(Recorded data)
++++++

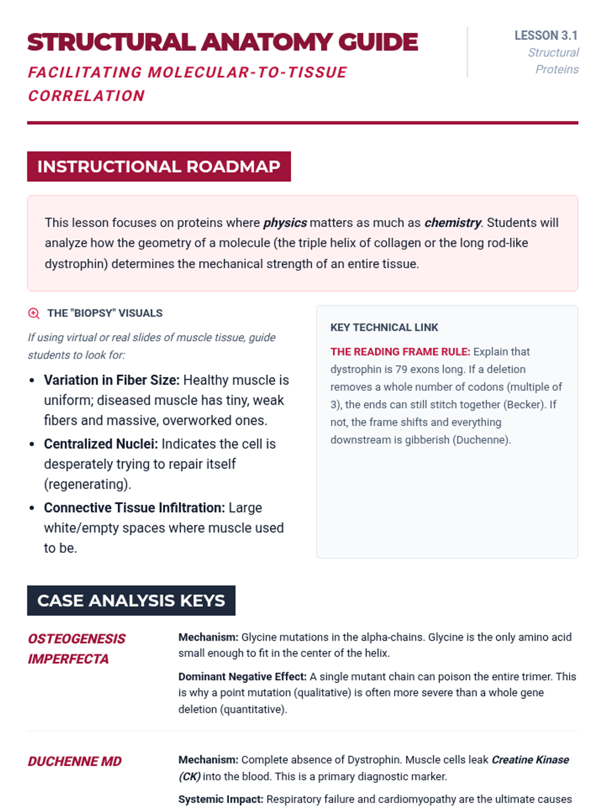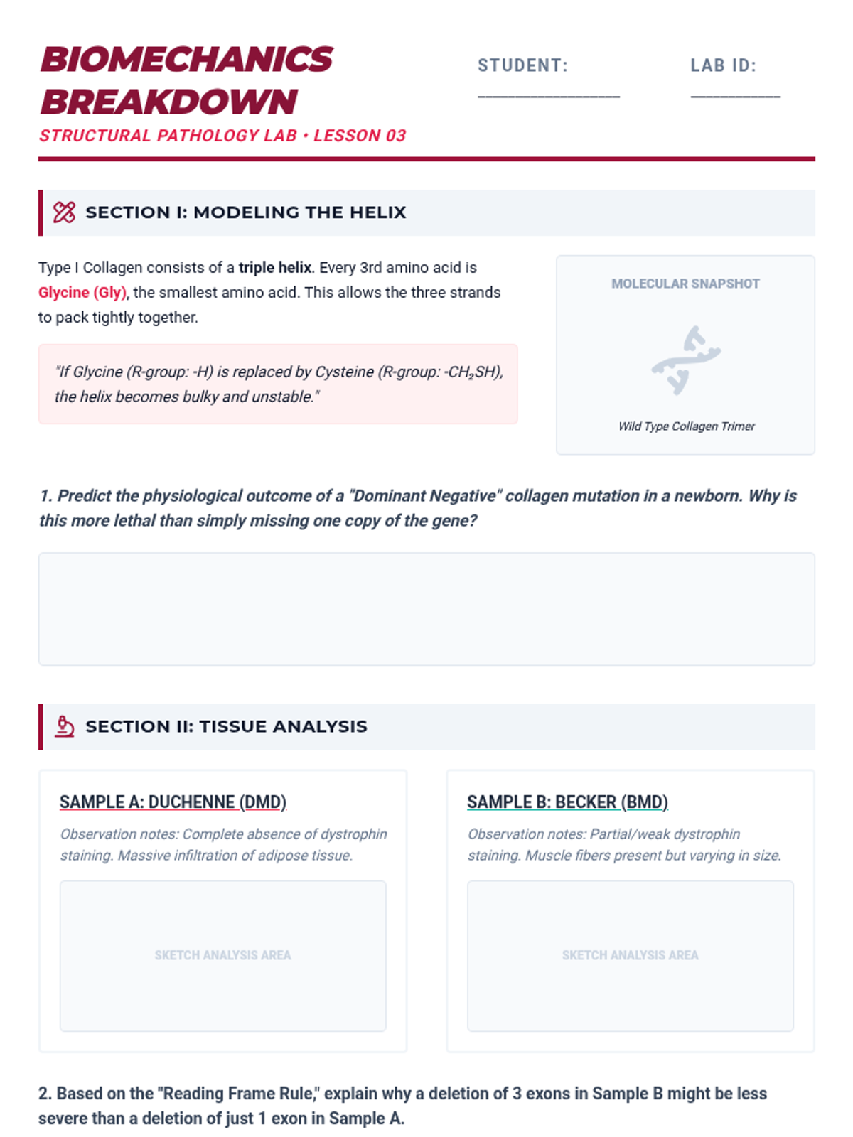 Students investigate diseases affecting structural proteins, focusing on Collagen in Osteogenesis Imperfecta and Dystrophin in Muscular Dystrophy to relate molecular-level mechanical failure to clinical tissue pathology.
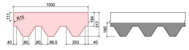 | Розмір гонту, м | 1,0 м х 0,317 м |
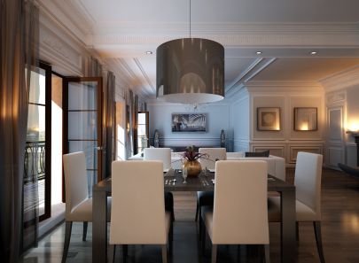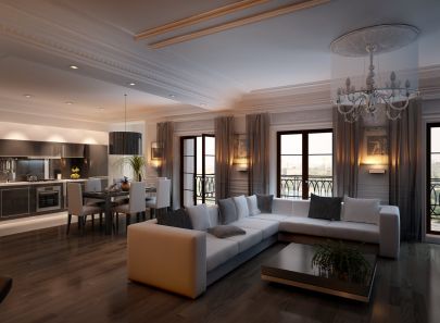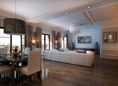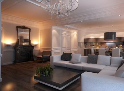 Планировочное решение проекта дизайна классического интерьера квартиры отводит гостиной, столовой и кухне практически треть всей площади квартиры.
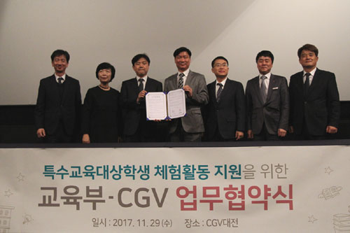 CJ CGV(대표이사 서정)는 29일 CGV 대전에서 교육부(부총리 겸 교육부장관 김상곤)와 특수학교 자유학기제 체험 지원 활성화를 위한 업무 협약을 체결했다. 협약식에는 CJ CGV 조성진 전략지원담당, 신익현 교육부 지방교육지원국장을 비롯해 관계자 10명이 참석했다.
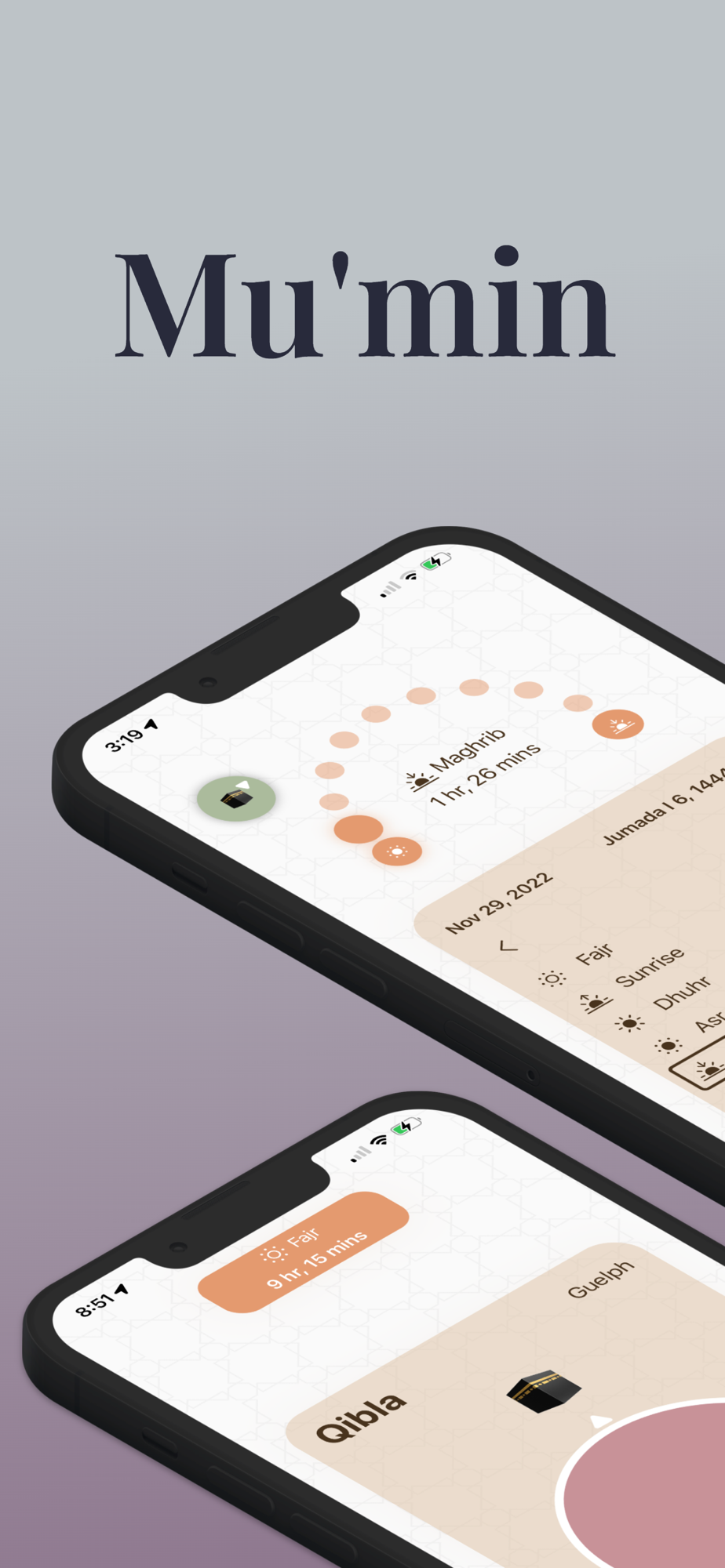 Mu'min is your solution to prayer times and other essential items that Muslims need on a day-to-day basis.
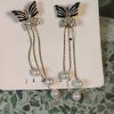 Saugaat Craft Butterfly Pearl Hanging Tassels Stylish Silver Earrings for Women and Girls Pearl Crystal, Metal, Silver Drops & Danglers
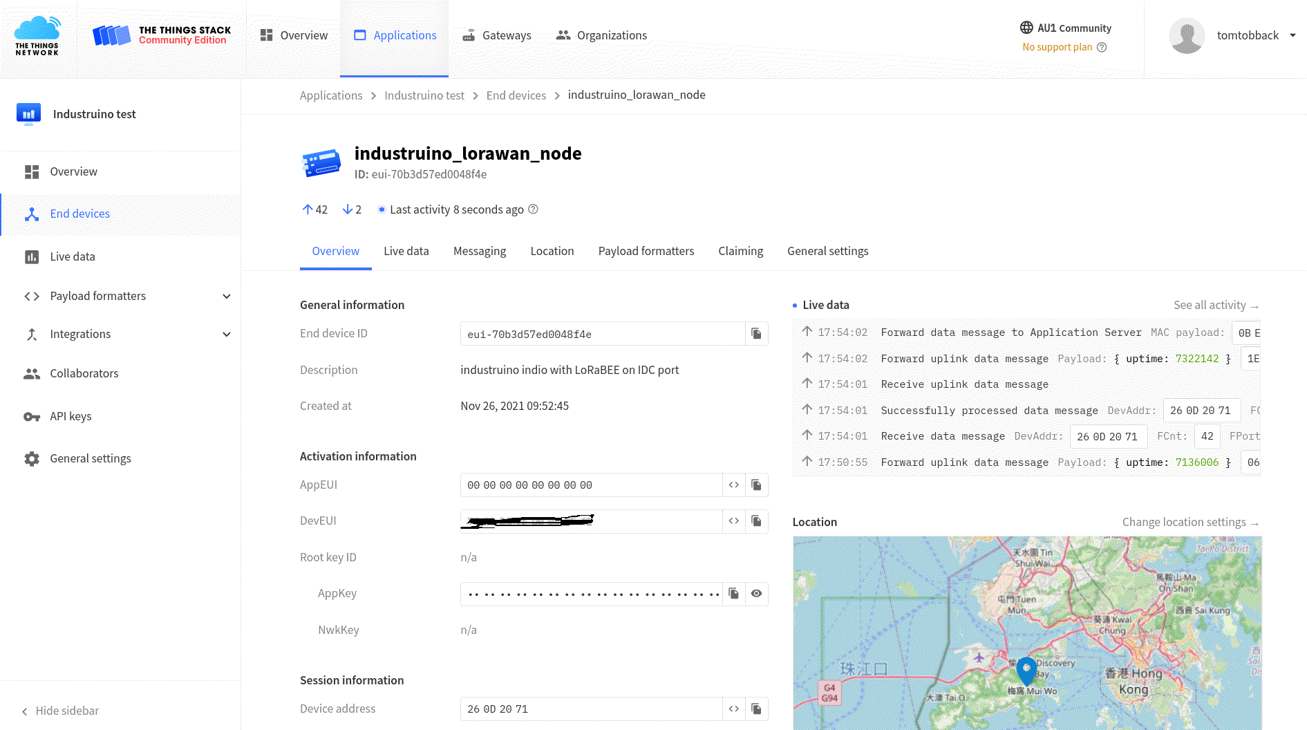 You will need to create an account for the console, to be able to create an application and a device, our LoRaWAN end node (Industruino). Just follow the TTN documentation. Choose OTAA, class A, and generate a DevEUI. AppEUI can be all zeros. Generate AppKey and register the device.
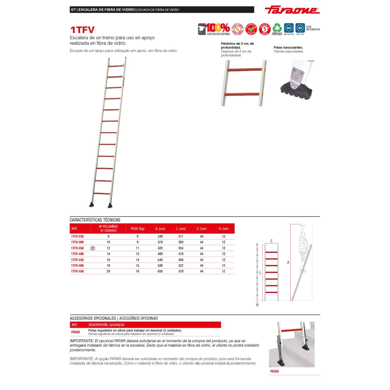 L'échelle 1TFV est composée de sections en fibre de verre et équipée de pieds à bascule pour faciliter son déplacement ; idéale pour les travaux présentant des risques électriques.

++++++

* [Action item] None of the pictures should appear; the rest of the entries must be reproduced exactly.

* [Written response]
 Students investigate diseases affecting structural proteins, focusing on Collagen in Osteogenesis Imperfecta and Dystrophin in Muscular Dystrophy to relate molecular-level mechanical failure to clinical tissue pathology.
 | Розмір гонту, м | 1,0 м х 0,317 м |
 Планировочное решение проекта дизайна классического интерьера квартиры отводит гостиной, столовой и кухне практически треть всей площади квартиры.
 CJ CGV(대표이사 서정)는 29일 CGV 대전에서 교육부(부총리 겸 교육부장관 김상곤)와 특수학교 자유학기제 체험 지원 활성화를 위한 업무 협약을 체결했다. 협약식에는 CJ CGV 조성진 전략지원담당, 신익현 교육부 지방교육지원국장을 비롯해 관계자 10명이 참석했다.
 Mu'min is your solution to prayer times and other essential items that Muslims need on a day-to-day basis.
 Saugaat Craft Butterfly Pearl Hanging Tassels Stylish Silver Earrings for Women and Girls Pearl Crystal, Metal, Silver Drops & Danglers
 You will need to create an account for the console, to be able to create an application and a device, our LoRaWAN end node (Industruino). Just follow the TTN documentation. Choose OTAA, class A, and generate a DevEUI. AppEUI can be all zeros. Generate AppKey and register the device.
 L'échelle 1TFV est composée de sections en fibre de verre et équipée de pieds à bascule pour faciliter son déplacement ; idéale pour les travaux présentant des risques électriques.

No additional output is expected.